Mudcat Café message #3272023 The Mudcat Café TM
Thread #25627   Message #3272023
Posted By: GUEST,Dennis W
11-Dec-11 - 10:38 AM
Thread Name: Origins: Soldier's Joy
Subject: RE: Origins: Soldier's Joy
The tune is older than it's present song presentation. We have several posters here who have found Scottish and English forms of the tune with other names. How it got the name "Soldiers Joy" might tell us a lot about the tune's history. But for this concern about the reference to morphine I have a few comments.

I doubt lyrics that refer to morphine date much earlier than the 1890's as that is when morphine was synthesized from opium. In the early 1800s men would drink laudanum which was a mixture of alcohol and tincture of opium. Apparently Edgar Allen Poe was addicted to this drink and he lived in the 1830s.

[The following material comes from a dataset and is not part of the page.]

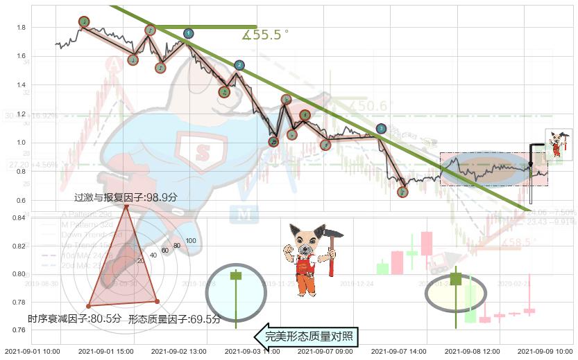 ➢ 🕰 价格走势在2021-09-09 13:00:00至2021-09-09 13:00:00期间形成仙人指路,残存影响值:4.92

It is possible tincture of opium was used as a pain reliever during the Civil War with and combined with alcohol. The term morphenine refers to it's synthetic form, so I believe these lyrics making this reference cannot go back as far as the Civil War.

Morphine was used extensively in World War I and some of these lyrics might go back this far. My personal belief, not substaniated by much fact, is these lyrics about morphine were popularized and might even have been written by musicians of the 1970's. The so-called Hippy influence on old time music.

I am curious as I know the Cabell ancestral home in Nelson County Virginia is named "Soldiers Joy". It was built about 1785 by a revolutionary war veteran. I also have a copy of the tune printed at about the same time.

Perhaps the song then was about joy in returning home after the rigors of war. In that version it might be about the joys of hearth and home and it's dance qualities adaptable to these themes. Anyone here run into a connection between these events?